Supported NN architectures:

ResNet50 -- resnet50
VGG16 -- vgg16
MobileNetV2 -- mobilenetv2
Vision Transformer (16x16 patch) -- vit

Supported datasets:

CUB-200 (200 classes) -- caltech_birds2011
Oxford-IIIT Pet (37 classes) -- oxford_iiit_pet
Stanford Dogs (120 classes) -- stanford_dogs

Running an Example

Below shows an example of training ResNet50 on CUB-200 dataset with our ElasticTrainer. First, profile the tensor timing on your dedicated device:

python profiler.py --model_name resnet50 \
                   --num_classes 200

Then start training your model on the device with speedup ratio of 0.5 (i.e., 2x faster in wall time):

python main.py --model_name resnet50 \
               --dataset_name caltech_birds2011 \
               --train_type elastic_training \
               --rho 0.5

Please note that the wall training time should exclude validation time.

FAQs

Q1: Why tensorflow, not pytorch?

We are aware that pytorch is a dominant NN library in AI research community. However, to the best of our knowledge, pytorch's profiler is incapable of presenting structured timing information of ops in backward pass, and some of the provided measurements are not even reliable. Check link1, link2, and link3 for details. In comparison, tensorflow profiler provides accurate, well-structured, and human-readable timing information for us to parse and group, but tensorflow's profiler only works for tensorflow models and codes. If you insist on working with pytorch, I can only suggest you use FLOPs instead of wall-clock time as the tensor timing metric. That means you need to write your own code to derive FLOPs and it basically cannot reflect actual speed-up.

Q2: ElasticTrainer VS. Parameter-Efficient Fine-Tuning (PEFT) for recent Large Language Models (LLMs)?

We have extended ElasticTrainer to GreenTrainer which is designed to speedup finetuning LLMs. In our GreenTrainer paper, we made comparisons with existing PEFT methods.

If you are an NLP expert, you may know there are many existing PEFT works in NLP area, such as prompt tuning, prefix tuning, and LoRA. These works focus on minimizing the number trainable parameters (usually to <1%) because they speculate that variance rather than bias is a dominant factor in model generalization.

However, solely minimizing the number of trainable parameters doesn't gurantee wall-time speedup.

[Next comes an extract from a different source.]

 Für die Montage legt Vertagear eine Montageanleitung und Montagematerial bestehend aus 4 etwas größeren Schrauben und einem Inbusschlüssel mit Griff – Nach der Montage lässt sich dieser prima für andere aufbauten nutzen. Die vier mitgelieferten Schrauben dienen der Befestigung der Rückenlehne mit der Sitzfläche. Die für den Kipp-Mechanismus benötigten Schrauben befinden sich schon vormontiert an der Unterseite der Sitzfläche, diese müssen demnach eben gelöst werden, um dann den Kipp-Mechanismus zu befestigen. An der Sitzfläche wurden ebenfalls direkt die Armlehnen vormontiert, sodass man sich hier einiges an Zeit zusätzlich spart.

For example, prompt tuning still requires error gradients to propagate through the entire network, which leads to very limited wall-time speedup. On the other hand, nobody can promise variance is always a dominant factor in model generalzation. Unless you want to use super super large pretrained LLMs (e.g., GPT-3) with stunning zero-shot adaptability, applying PEFT to most medium-sized pretrained models would kill a lot of representational power for complex generative tasks (e.g., text summarization and math Q&A) and lose much accuracy.

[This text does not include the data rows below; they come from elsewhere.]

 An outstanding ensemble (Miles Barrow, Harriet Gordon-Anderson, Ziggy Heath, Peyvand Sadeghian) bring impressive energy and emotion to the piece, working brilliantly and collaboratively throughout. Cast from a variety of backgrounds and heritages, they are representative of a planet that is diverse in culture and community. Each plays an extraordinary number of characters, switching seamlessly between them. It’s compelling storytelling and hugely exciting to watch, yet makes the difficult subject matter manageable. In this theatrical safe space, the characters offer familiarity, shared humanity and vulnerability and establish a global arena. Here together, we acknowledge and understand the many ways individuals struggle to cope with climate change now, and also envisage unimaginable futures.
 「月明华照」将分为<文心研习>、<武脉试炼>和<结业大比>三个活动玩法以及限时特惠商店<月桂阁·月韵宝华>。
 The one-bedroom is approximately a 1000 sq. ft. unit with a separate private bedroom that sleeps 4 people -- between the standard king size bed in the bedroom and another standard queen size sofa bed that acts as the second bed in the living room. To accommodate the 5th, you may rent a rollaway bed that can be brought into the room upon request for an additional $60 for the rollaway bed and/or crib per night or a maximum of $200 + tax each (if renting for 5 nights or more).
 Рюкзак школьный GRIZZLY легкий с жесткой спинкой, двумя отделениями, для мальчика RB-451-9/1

Q3: How are you able to select a subset of parameters to train?

In tensorflow, model.trainable_weights gives you a list of all the trainable parameters. You can extract wanted ones into another list, say var_list. Then pass var_list to the optimizer, i.e., optimizer.apply_gradients(zip(gradients, var_list)). This process can be done at runtime but may cause frequent retracing in tensorflow. So you may need to manually free old graphs to avoid increasing memory usage, which is what we implemented originally. I later realized that maybe a better way to suppress retracing is to configure the tf.function decorator:

@tf.function(
    experimental_relax_shapes=True,
    experimental_follow_type_hints=True,
)
def train_step(...)

# alternatively
@tf.function(reduce_retracing=True)
def train_step(...)

Q4: Why are some tensors' timings not counted in our Tensor Timing Profiler?

Because we cannot find related timings for these tensors from tensorflow's profiling results. That is, even for tensorflow profiler, it may fail to capture a few NN ops during profiling for no reason. We have no solution for that. One workaround can be using known op's timings to estimate missing op's timings based on their FLOPs relationships.

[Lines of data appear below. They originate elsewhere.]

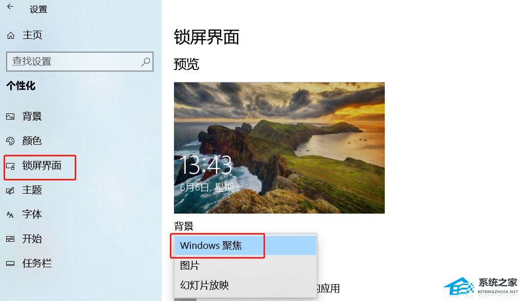 重新进入设置——个性化——锁屏界面,将锁屏选项更改为Windows聚焦,如下图分别为win11和win10。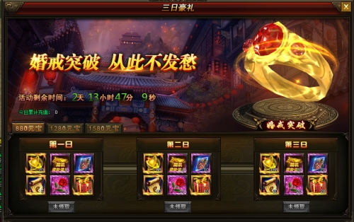 活动规则:累计充值一定元宝可领取对应奖励,连续充值可领取更多奖励
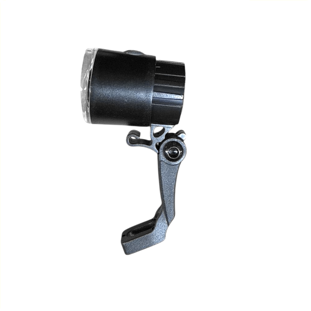 The FALKX Small (also known under item number BI0906A) proves that good lighting doesn't have to be big. This mini headlight is equipped with a single, super-bright LED that provides a sharp beam, ensuring you are highly visible in traffic. Thanks to its compact design of only 4.5 cm deep, the lamp takes up hardly any space on your bike, while the included steel bracket ensures stable mounting on the front fork. Because the lamp is battery-operated, you always have light, even when stopped at a traffic light.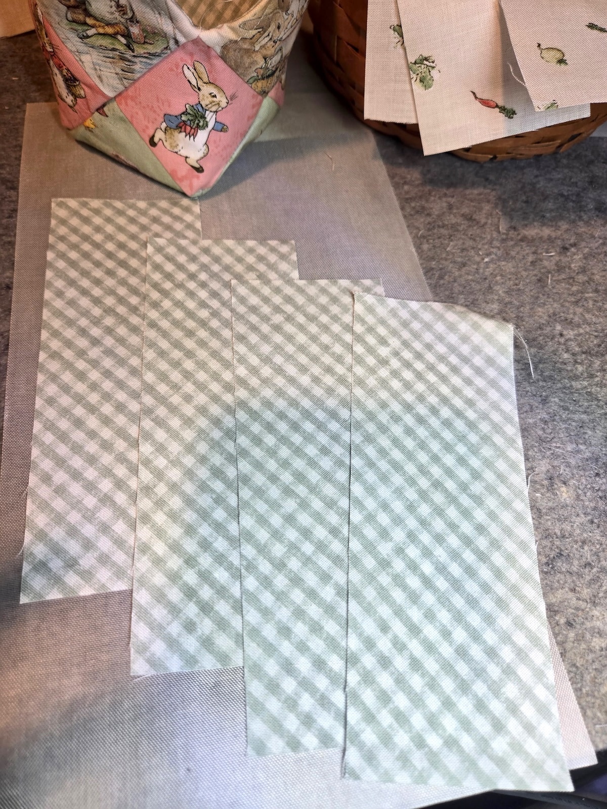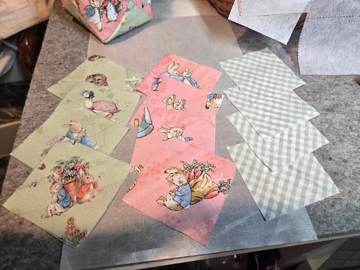 Start by cutting out twelve (12) 2-1/2" squares of fabric. I fussy-cut 8 of them for the outside of the itty bitty Easter basket.

Q5: What's the meaning of (rho - 1/3)*3/2 in elastic_training in train.py?

It converts training speedup to backward speedup based on the 2:1 FLOPs relationship between backward pass and forward pass. We did so to bypass profiling the forward time. Please note this is only an approximation, and we did this due to tight schedule when we rushing for this paper. To ensure precision, we highly recommend you do profile the forward time T_fp and backward time T_bp, and use rho * (1 + T_fp/T_bp) - T_fp/T_bp to for such conversion.

Q6: Why is rho multiplied by disco in elastic_training in train.py

disco, which is obtained here, is a heuristic factor that scales the rho a bit, to ensure the desired speedup can be achieved even if t_dy and t_dw lose much resolution after downscaling. The downside of disco is that sometimes it just becomes too small, and suppresses too much of the parameter selection. In that case, you can feel free to try removing this factor.

Reproducing Paper Results

Please download our artifacts on Zenodo link1 and link2, and follow the detailed instructions in our artifact appendix. We provide experimental workflows that allow people to reproduce our main results in the paper. However, running all the experiments could take extremely long time (~800 hours), and thus we mark each experiment with its estimated execution time for users to choose based on their time budget. After you finish running each script, the figure will be automatically generated under figures/. For Nvidia Jetson TX2, we run experiments with its text-only interface, and to view the figures, you will need to switch back to the graphic interface.

We first describe how you can prepare the environment that allows you to run our experiments, and then we list command lines to reproduce every figure in our main results.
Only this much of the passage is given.